**WORK TO COMPLETE:** A faithful copy is required of the lines from the top of the entries through the line that contains "Книжката с капибара", both included, with no pictures.

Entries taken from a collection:
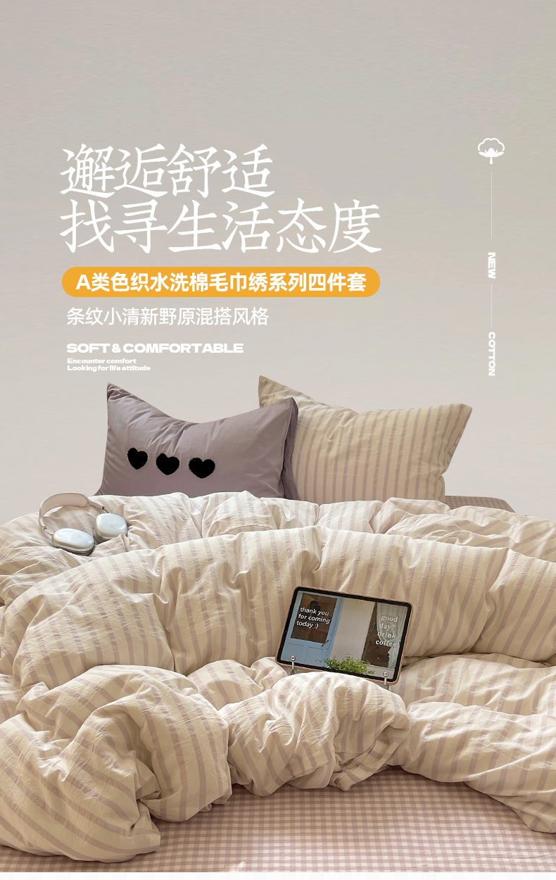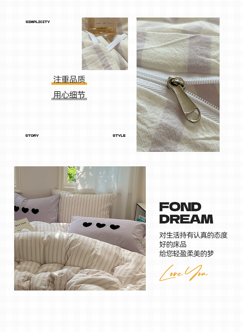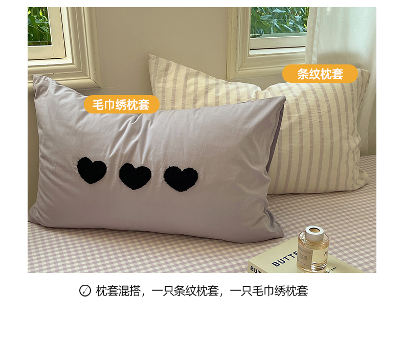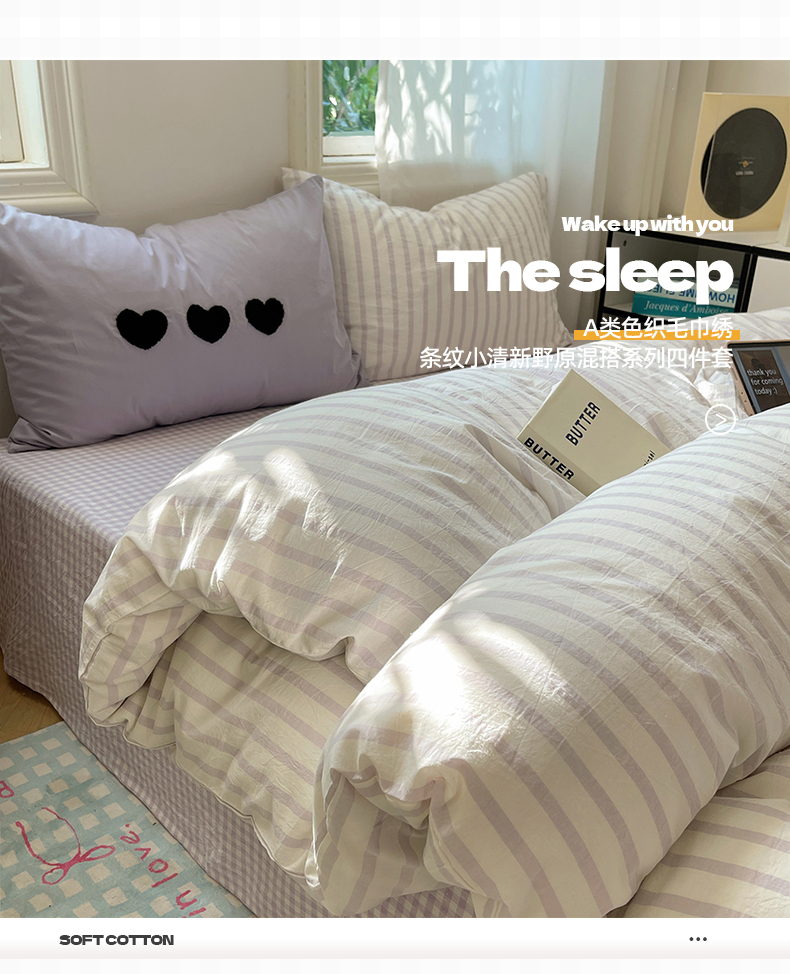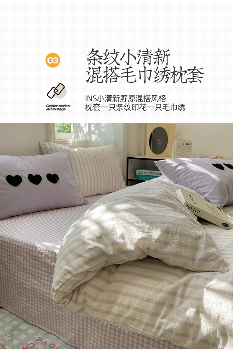当前位置: 91家纺网 > 商品网购 > 床品套件 > 四件套 > 其它四件套 > 桃子家居 2024新款A类色织毛巾绣条纹小清新野原混搭纯棉系列四件套 色织水洗棉-野原紫爱心
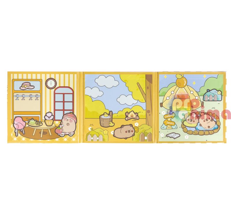 Книжката с капибара магнити стимулира въображението и креативността у малките деца, развива лигическото мислене и фината моторика.
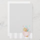 Estacionería con un ilustracion caprichoso. Una tetera rosa con un pequeño corazón rosado en el centro y un ramo de flores en el interior. Delicadas mariposas de colores pastel revolotean por todas partes.
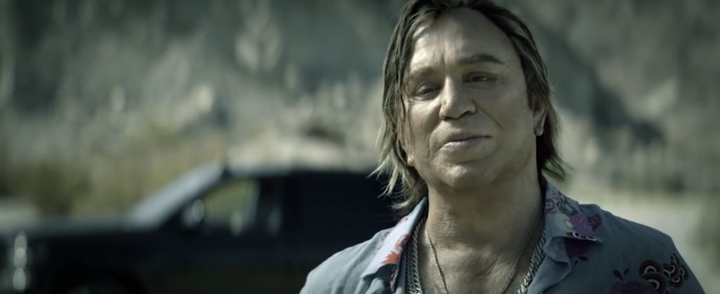 Наконец, о Микки Рурке. Как и следовало ожидать, многих заинтересует появление актера на экране, но он также появляется в кадре редко, зато в самые решающие моменты. Гротескный характер и грязноватые речи его персонажа Патрика, кажутся немного устаревшими, но с точки зрения контекста это выглядит уместным. Лицо Микки Рурка в наши дни чем-то напоминает расплавленную свечу и он кажется неспособным передать даже самые простые человеческие эмоции. Наверное, поэтому Патрик все время носит солнцезащитные очки и, сидя на кровати, в полутьме играет с щенками. В какой-то момент в голову может даже прийти мысль, что нас ждёт некий трэшевый вариант «Джона Уика», и что он из собачника превратился в линчевателя не просто так. Жалко, что карьера Рурка - когда-то столь многообещающая - за последнее десятилетие или около того резко пошла на спад. Тем не менее, его все ещё помнят и он выглядит пугающим плохим парнем.
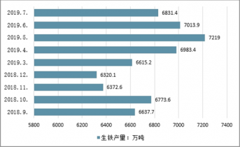 2018-2019年7月全國生鐵產(chǎn)量情況
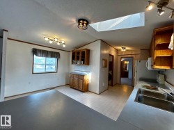 Walking distance to the lake! Move in ready and with so much to offer! This 2000 built modular home is situated on a large completely fenced lot and has a great double detached garage, two tiered deck and beautiful trees throughout! Starting at one end, you have a large primary bedroom, with a walk in closet and 4 pc ensuite featuring a window for natural light. Heading the other way you have a pantry, utility/laundry room and your kitchen/dining room with ample cupboard space and a skylight enhancing that open feel! Large windows in both the dining room and living room are a great touch. Further down you have a wide entrance, another 4 pc main bathroom and two more bedrooms. Everything you need is here it would be hard to run out of space. This home is definitely worth a look, there's nothing to do but unpack!
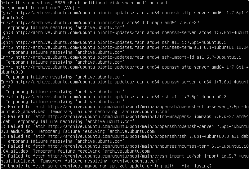 처음 설치시 ssh 설정을 하지 않았기 때문에 apt-get update 후 apt-get install ssh를 하려고 했다.
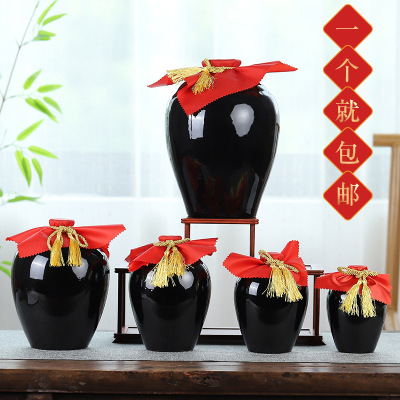 Wholesale black glaze ceramic wine jars and bottles 1 pound 2 pounds 3 pounds 5 pounds 10 pounds, household original juice wine accessories sealed bottles with wine stopper

**RESULT OF THIS TASK:**
当前位置: 91家纺网 > 商品网购 > 床品套件 > 四件套 > 其它四件套 > 桃子家居 2024新款A类色织毛巾绣条纹小清新野原混搭纯棉系列四件套 色织水洗棉-野原紫爱心
 Книжката с капибара магнити стимулира въображението и креативността у малките деца, развива лигическото мислене и фината моторика.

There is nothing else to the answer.